_Exercise_
Where a picture appears, skip it; print everything else in the records exactly as it stands.

_Material shown_

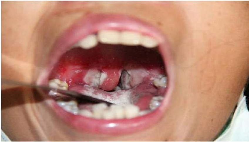
Figure 2: Example of the adherent membrane of diphtheria
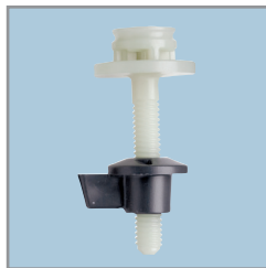
NON-CORROSIVE BOLTS AND WING NUTS
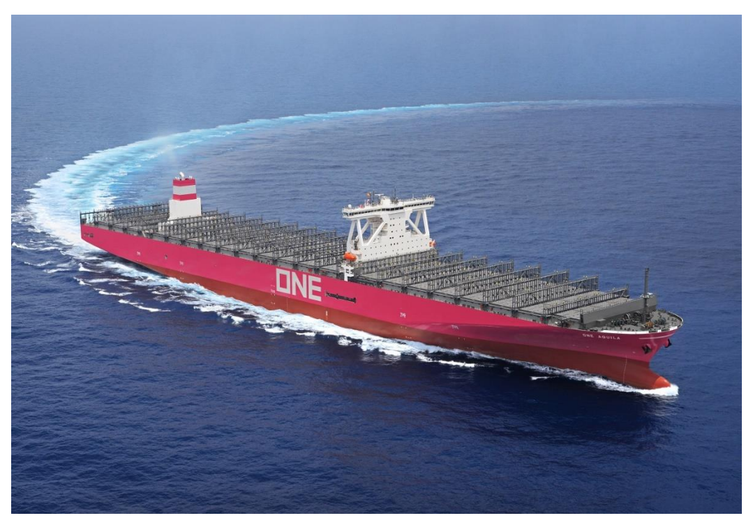
▲ONE AQUILA during the sea-trial.
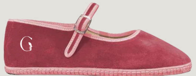
Light Pink Retail Price 189 $ Whole sale Price: 85$
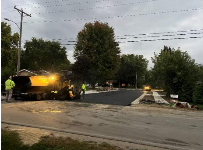
During Construction – Typical Installation of New Asphalt Binder Course
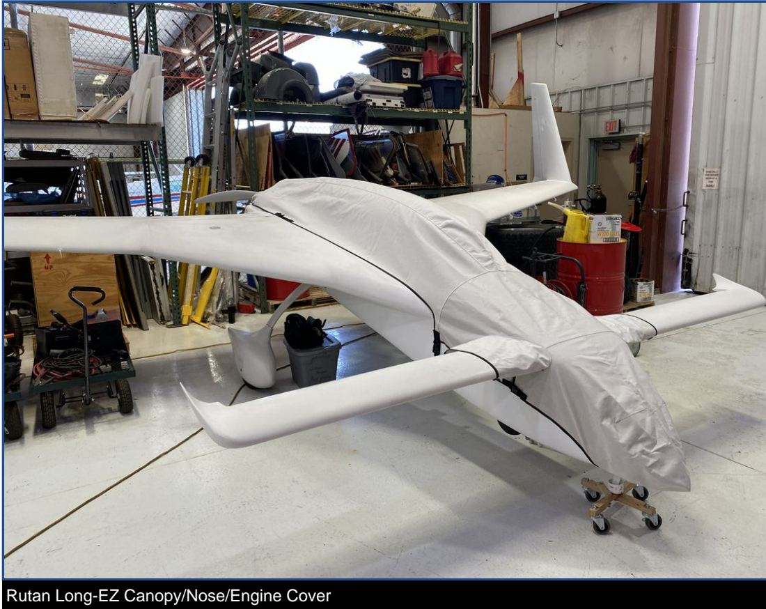
Rutan Long-EZ Canopy/Nose/Engine Cover
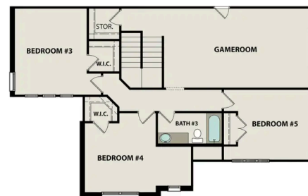
THE JENNINGS C - 3 CAR GARAGE UPPER FLOOR PLAN
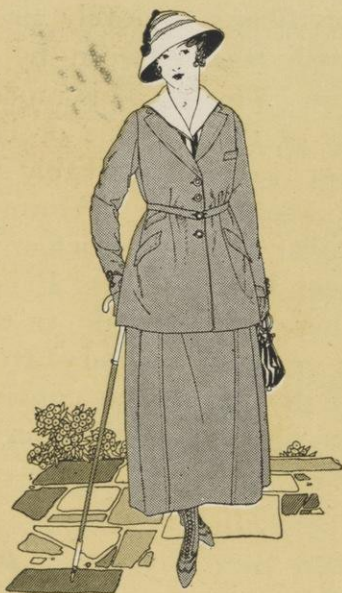
FRONT VIEW OF MODEL No. 43A210½

T HE always attractive outdoor type of English woman was my thought for "The Margate." She is the woman who loves to be in the open, who stands on her own well-shod feet, is a good comrade and an all-around companion. Perhaps, too, I had a wee bit of a thought for the soldier boys while I was at work on this, for it is a true khaki color and almost inspired me to wish for brass buttons. The skirt of the coat has a comfortable fullness held in by a swagger little belt. The collar is severely mannish, and the luxury of four real pockets makes one feel quite a mannish independence. Two novel side panels give sufficient fullness to the skirt. The blouse, "Louise," is my great delight.
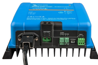
Smart IP43 Charger 12/50(1+1)
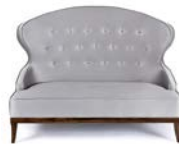
CANDY 2 SEAT W: 135 cm | 53,1" D: 85 cm | 33,5" H: 95 cm | 37,4"
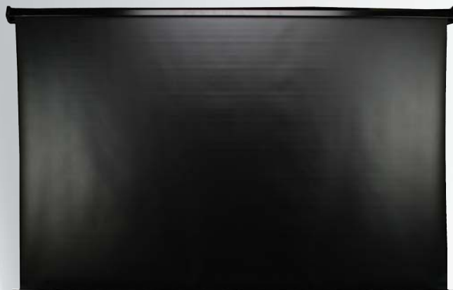
Black-Backed Screen Material

Elite Screens' MaxWhite Screen Material is durable for daily use and Easy to Clean. It has a wide viewing angle with 1.1 Gain and is suitable for most applications including Commercial /Educational and Residential. MaxWhite Screen material has a black backing to eliminate light penetration for superior color reproduction. Its Texture pattern eliminates Moiré or Hot Spotting which is a common phenomenon with poorly made projection screen material or wall projections.
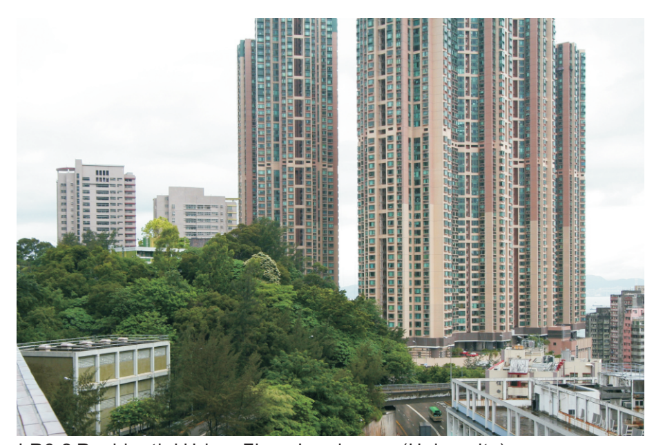
LR6.2 Residential Urban Finge Landscape (University)

_Task answer_
Figure 2: Example of the adherent membrane of diphtheria
NON-CORROSIVE BOLTS AND WING NUTS
▲ONE AQUILA during the sea-trial.
Light Pink Retail Price 189 $ Whole sale Price: 85$
During Construction – Typical Installation of New Asphalt Binder Course
Rutan Long-EZ Canopy/Nose/Engine Cover
THE JENNINGS C - 3 CAR GARAGE UPPER FLOOR PLAN
FRONT VIEW OF MODEL No. 43A210½

T HE always attractive outdoor type of English woman was my thought for "The Margate." She is the woman who loves to be in the open, who stands on her own well-shod feet, is a good comrade and an all-around companion. Perhaps, too, I had a wee bit of a thought for the soldier boys while I was at work on this, for it is a true khaki color and almost inspired me to wish for brass buttons. The skirt of the coat has a comfortable fullness held in by a swagger little belt. The collar is severely mannish, and the luxury of four real pockets makes one feel quite a mannish independence. Two novel side panels give sufficient fullness to the skirt. The blouse, "Louise," is my great delight.
Smart IP43 Charger 12/50(1+1)
CANDY 2 SEAT W: 135 cm | 53,1" D: 85 cm | 33,5" H: 95 cm | 37,4"
Black-Backed Screen Material

Elite Screens' MaxWhite Screen Material is durable for daily use and Easy to Clean. It has a wide viewing angle with 1.1 Gain and is suitable for most applications including Commercial /Educational and Residential. MaxWhite Screen material has a black backing to eliminate light penetration for superior color reproduction. Its Texture pattern eliminates Moiré or Hot Spotting which is a common phenomenon with poorly made projection screen material or wall projections.
LR6.2 Residential Urban Finge Landscape (University)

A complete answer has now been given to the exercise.